The Nilekani-committee has recommended lowering of import duties on such machines but the proposal is yet to be accepted. An alternative is to use mobile PoS (M-PoS) machines, suggests the Nilekani committee.

However, Rongala says that M-PoS devices see a rate of failure and also face security and network issues. Instead Worldline is in the midst of introducing an Android-based PoS machine, with an in-built SIM card to address some of the problems they faced with M-PoS devices.

BloombergQuint could not speak to executives from Pine Labs and M-Swipe, two PoS manufacturers, despite several requests over the last two weeks.

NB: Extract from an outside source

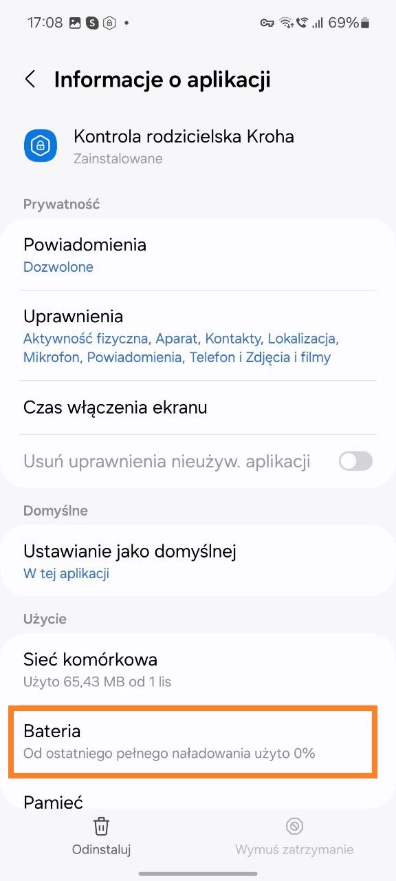 - Otwórz „Ustawienia” na urządzeniu dziecka > Aplikacje > Parental Control Kroha > Akumulator (Bateria) > Nie optymalizuj.

Beyond the installation of devices, the cost of transactions also remains an issue.

As part of any card-based transaction, a merchant pays a fee to the payment processors, known as the merchant discount rate. The merchant’s bank also pays a fee to the bank which has issued the card, known as the interchange rate.

Under the present regime, the majority of the interchange rate goes to the issuer banks (those that have issued cards) and not acquirer banks (who are processing the payment) and merchants, said Naveen Surya, chairman emeritus of the Payments Council of India. “The merchant bank would only receive around 30-40 basis points of the interchange rate.”

The Nilekani committee has recommended a reduction in the interchange rate, which may benefit the acquiring bank and merchants over time, Surya said. The committee has also suggested that the government consider subsidising the MDR in order to reduce the cost of digital transactions for merchants.

The QR-Code Alternative

An alternative to building out an extensive PoS network would be to focus on QR-Code based payments.

China, for instance, has relied heavily on this technology. Tencents Holdings’ We Chat Pay and the Alibaba Group’s Alipay have gained considerable traction by deploying QR-codes particularly in grocery stores and eateries, according to a recent report by the Wall Street Journal. Together, they account for close to 90 per cent of the market.

In India too, QR-code solutions built using the home-grown UPI or Unified Payment Interface could help increase the penetration of digital payments across small merchants, said Surya. “QR codes for UPI and Bharat-QR has helped acquire merchants at a lower cost and over time both payments systems will converge as the volume of transactions grow,” he said.

Merchants can start with these payment options and eventually graduate to the PoS network once the volume and value of transactions grow.

However, rapid adoption of QR-code technology will need a change in the manner in which this technology is currently being deployed.

At present, most private e-wallets or payment apps have rolled-out proprietary QR-codes, which means that money from a customer goes to the merchants’ e-wallet and not their bank account, said a senior payment executive while speaking on condition of anonymity. What is needed is UPI-based QR-codes that are inter-operable, so that all apps can be used to transact rather than customers being forced to use a specific e-wallet application for different merchants.

To be sure, an inter-operable ‘Bharat QR’ was launched under the aegis of the National Payment Corporation of India in 2017. Volumes, however, remain low and the Nilekani-commitee suggests that efforts be made to popularise this payment option.

The volumes of digital payments using Bharat QR are still very low.Multiple stake holders have indicated that the commercial models need to be looked at, and that the code be generated dynamically.The committee recommends that small merchants be on-boarded on to digital payments through light weight acceptance infrastructure such as QR-codes.